The partial products from the four N/2 bit multiplier circuits are arranged and summed by adder circuits. These adder circuits are separate adder circuits used by adder circuit 154. In the above implementation, multiplier circuit 152 uses four (N/2)× (N/2) multiplier circuits to provide a result (product) that can be generated by a single N×N multiplier circuit. In some implementations, vector ALU 150 performs 32-bit arithmetic operations. Therefore, the multiplier circuit 152 provides the result (product) of a multiplication operation that receives two data items 140 that are two 32-bit source operands. Adder circuit 154 adds the result (product) to a third 32-bit operand of the FMA operation. For example, the FMA operation generates a result for (A× B)+C, where each of the operands A, B and C is an N-bit operand or one of the data items 140 of matrices 110, 120 and 130. Adder circuit 154 performs the addition operation using the product (A× B) and the operand C as the two operands for the addition operation.

When the data items 142 of matrix 110 and matrix 120 use a floating-point format, each of the data items 142 includes a corresponding mantissa and a corresponding exponent.

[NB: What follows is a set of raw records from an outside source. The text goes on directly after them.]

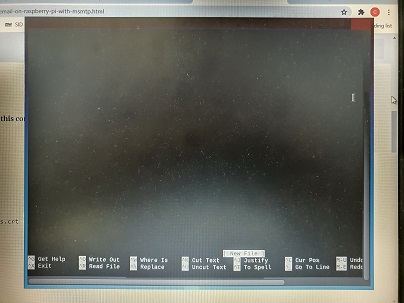 Key the following setting into the screen, then press Ctrl X , follow by ‘Y’ when ask whether to save settings. ‘ username@gmail.com ‘ is your ‘From’ email and ‘ thepassword ‘ is your email pw.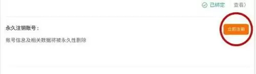 5、找到永久注销账号的功能,点击“立即注销”。
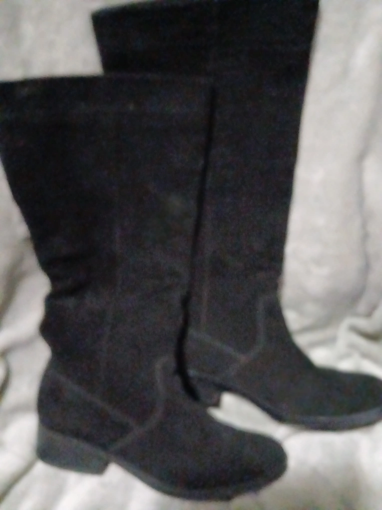 711Black suede knee high boots with a low block heel. Brand new. Never been worn. Available for pickup at 2401 Queen Street East. For a quicker response 437-577-2614. Can be shipped/delivered for an additional fee.

A sum of the number of bits of the mantissa and the number of bits of the exponent equals the total data size of a particular operand represented in the floating-point format. The precision of the floating-point number is equal to the size of the mantissa. Typically, a 32-bit floating-point data format includes the significand, which is also referred to as the mantissa, with a size of 23 bits and an exponent with a size of 8 bits. The 32-bit floating-point data format typically includes an implicit bit, which increases the size of the significand to 24 bits. Therefore, the typical 32-bit floating-point value has a precision of 24 bits. In an implementation, each of the data items 140-144 of matrices 110, 120 and 130 is a data value in the precision of the 32-bit IEEE-754 single-precision floating-point data format. In such an implementation, rather than using a single 24-bit multiplier circuit within multiplier circuit 152, multiplier circuit 152 uses four 12-bit multiplier circuits to provide the result (product) based on the above equation (e.g., A× B).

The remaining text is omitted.